From Database to Big Data

Serge Miranda

Course content : Organization of the course around seven weekly modules with nine attached complementary short seminars. This MBDS course on Big data management is self-contained and organized into 7 weekly modules along with nine complementary short seminars (summarizing pre-requisites or presenting some applications and extensions) : C1  “Spiralist innovation on Big Data systems” : This module is a strategic multidisciplinary introduction around big data systems with definitions of key concepts (data, big data, machine learning, data lake, deep learning, etc.) and disruptive supporting technologies which will be useful during this course. We illustrate spiralist ICT innovation around three major dimensions of our data-centrics future. Three complementary short seminars are given on a Big-data use case (MBDS Big Bridge project), Convulational Neural Nets and Blockchain 2.0 concepts. 

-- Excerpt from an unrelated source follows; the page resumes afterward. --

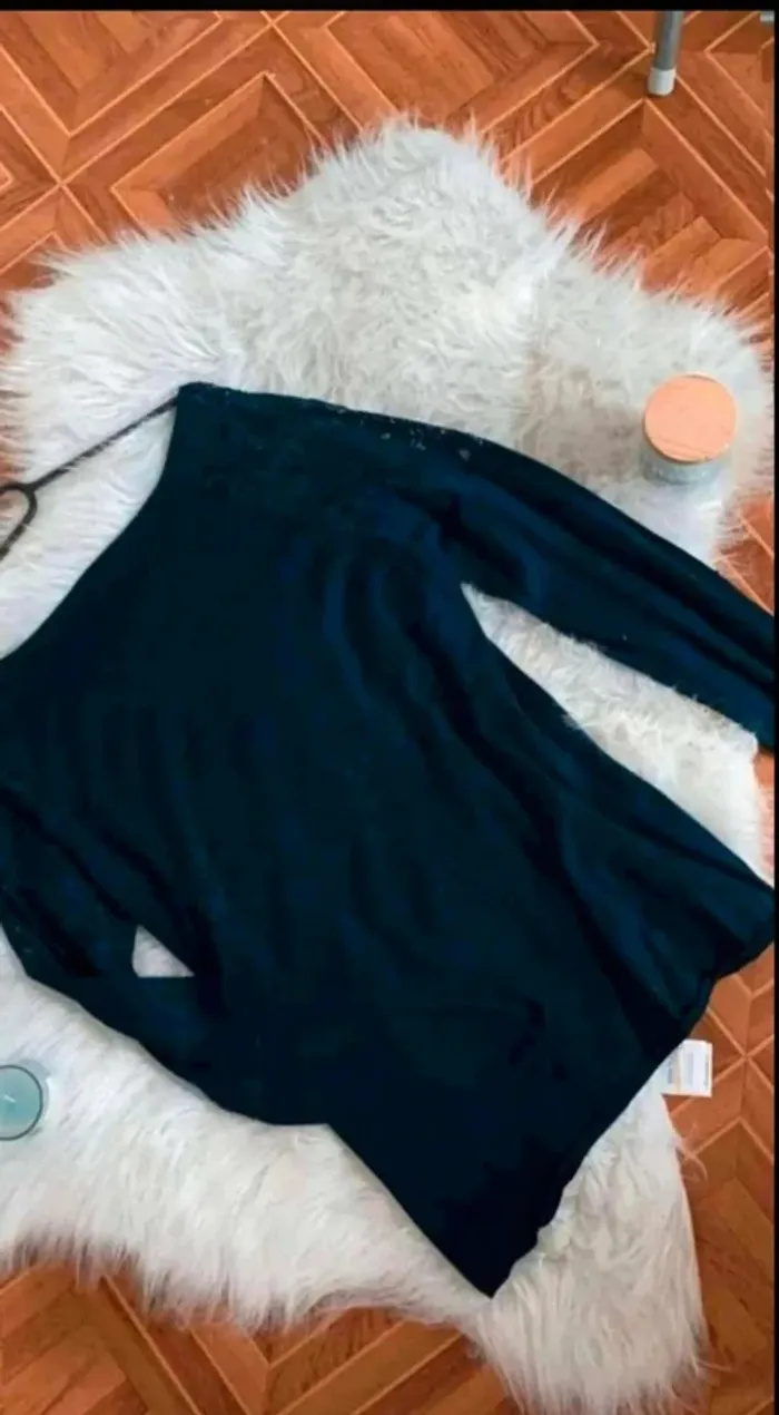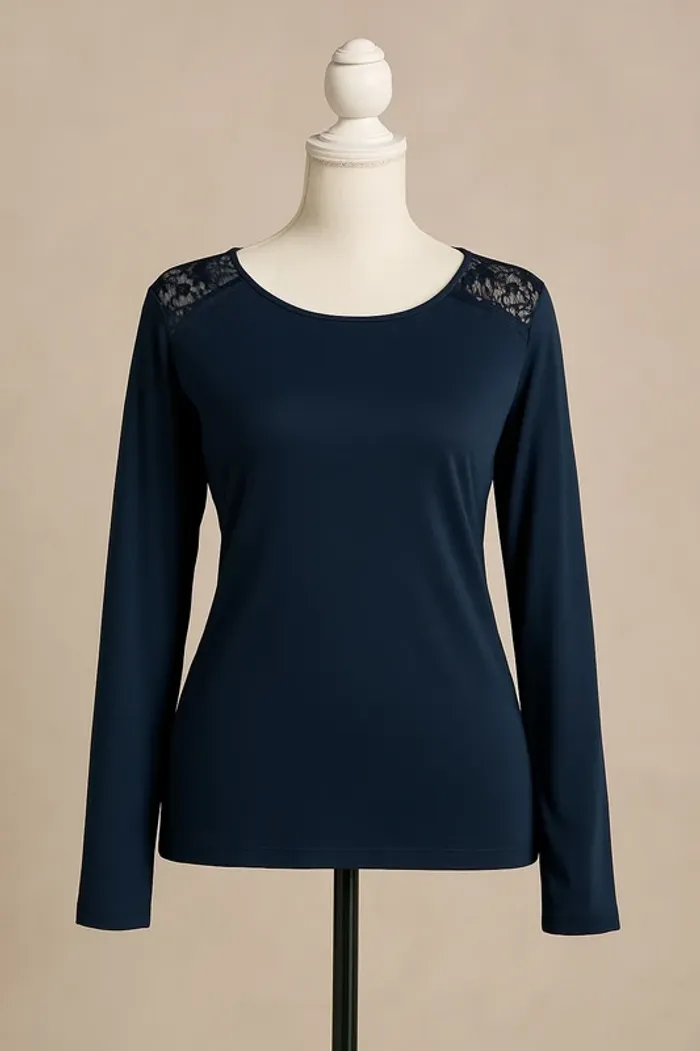 haut pull fin bleu marine avec dentelle taille L 42/44 très bon état #cleophile42 #cleophile44

  • C2 “Data paradigms and Codd’s relational data model” : There exists a plethora of big data management systems. In the first part of the course, we propose a classification of these systems using data paradigms that we illustrate with SQL standards (TIPS/ACID, RICE and WHAT properties). The second part concerns a key prerequisite : Codd’s relational data model which represents a formal unifying foundation and reference for big data management systems involving STRUCTURED data and explaining the success of SQL standard (due to Codd’s theorem). Two complementary seminars are proposed one on relational schema design method by Codd&Date using RM-T ENTITIES as (SURROGATE, VALUE), and the other one on major data base access methods (dynamic hashing and B-trees) used in every big-data system. 

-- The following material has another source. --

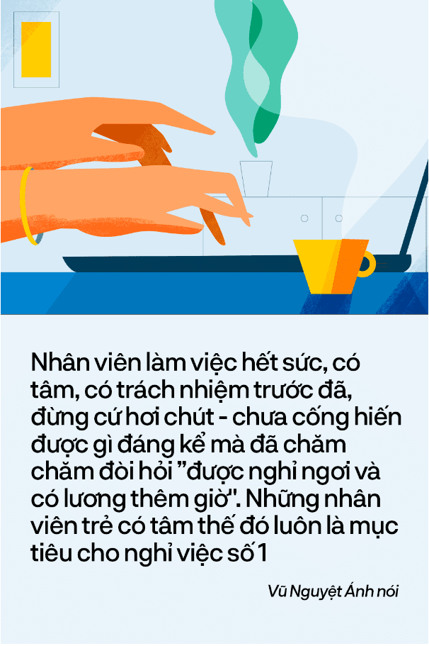 Chị Nguyệt Ánh cho hay: “Nhân viên làm việc hết sức, có tâm, có trách nhiệm trước đã, đừng cứ hơi chút - chưa cống hiến được gì đáng kể mà đã chăm chăm đòi hỏi được nghỉ ngơi và có lương thêm giờ. Những nhân viên trẻ có tâm thế đó luôn là mục tiêu cho nghỉ việc số 1 của các nhà quản lý, lãnh đạo.

  • C3 «  SQL2 introduction » : This prerequisite course is devoted to SQL2 standard presentation (including the Transaction concept with Gray’s theorem) for structured relational data bases. SQL will be the Esperanto for big data management with a Matriochka-layered approach starting with SQL2 for structured data. One complementary seminar is proposed on Datawarehouse, Olap, Cube operator and associated ALL value.  

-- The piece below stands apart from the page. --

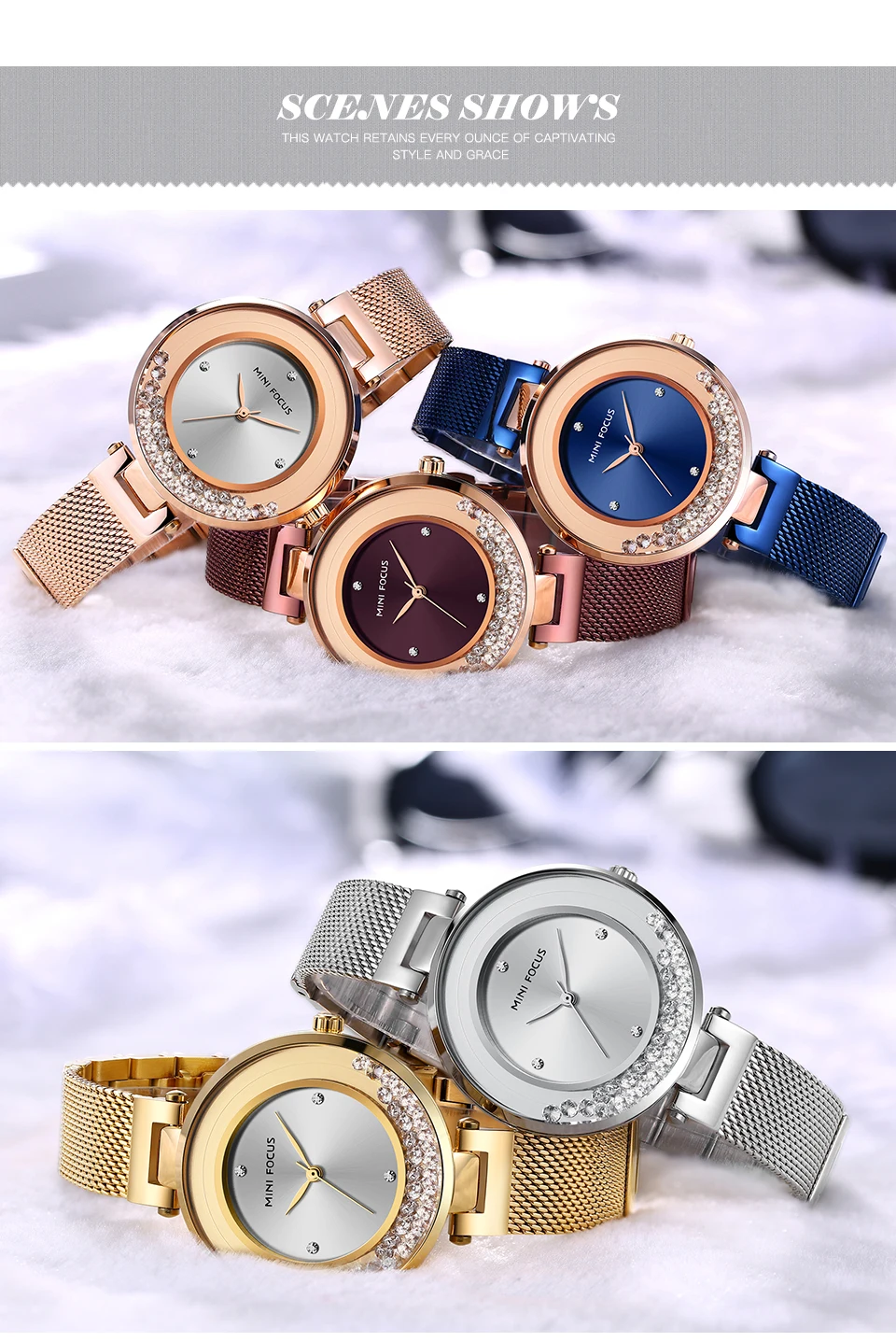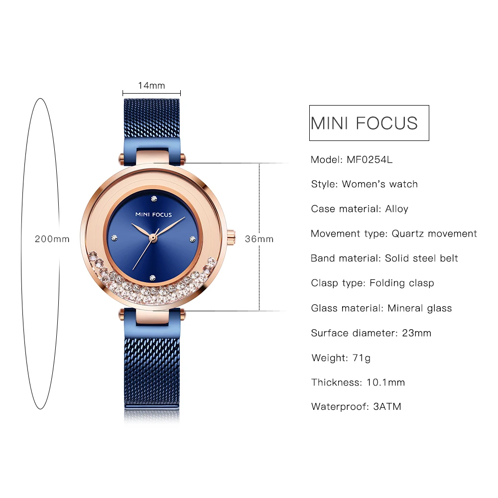 Модные женские часы MINI FOCUSБренд: MINI FOCUS(MINIFOCUS)Стиль: Модный, Повседневный, деловой, роскошный, спортивныйОсновная особенность:1. Часы классического дизайна, модный стиль платья2. Новые модные часы с сетчатым ремешком.3. Гарантия на 12 месяцевХарактеристики:Диаметр циферблата: 36 ммЧехол Толщина: 10,1 ммДлина Часов: 200 ммШирина ремешка: 14 мм Вес часов: 71 гМеханизм: кварцевый (требуется батарея)Материал зеркала: HardlexТип застежки: складная застежка с безопаснойВодонепроницаемость: Водонепроницаемость (не для плавания или душа)Подходящий Случай:Идеально подходит для всех случаев и мероприятий: вечерние, юбилейные, деловые, повседневные, спортивные, домашние или повседневныеПосылка включает в себя:Часы-1 шт. (подарочные коробки на выбор)

  • C4 «  Third Date’s manifesto (underlying object-relational data models)” : Date’s manifesto is the neutral symmetric of Codd’s model for SQL2 for hybrid object-oriented data bases. We clarify the concepts of objects, (OID, VALUE), which will be useful for N.O.SQL systems based upon (KEY,VALUE). Two complementary short seminars on the second Stonebraker’s manifesto and DCOM object middleware by Microsoft.

  • C5 “Introduction to ODMG” : Object-oriented data models based upon Bancilhon’s manifesto was designed initially for object programmers willing to have data base access. ODMG is a data base extension of OMG (Object Management Group) proposed on top of Java, C++ and Smalltalk languages. 

  • C6 “Introduction to SQL3”: SQL3 is the fusion of Date’s and Stonebraker’s manifesto whose salient features are presented and discussed in this module with a focus on line pointers (ROWID) and their definition and manipulation consequences (REF type attribute containing ROWID and dereferencing operator on REF type attribute). 

  • C7 «  Overview of N.O. SQL and NEWS SQL » : In this module we introduce N.O.SQL systems around both (KEY-VALUE) paradigm (Hadoop, BLOB, Json Document, columns) and GRAPHS merging into NEW SQL systems and identify the expected functionalities of an upcoming BIG SQL standard. One complementary research-oriented seminar on formal unifying theories underlying SQL and N.O.SQL systems with the promising approach of Category theory both for multi-model data systems and for polystored data-lake access and analysis. 

Note : These short seminars are attached to some BD2 courses : to define complementary concepts or prerequesites useful for the whole sprectrum of Big data management and to meet the objective of a self-contained graduate course.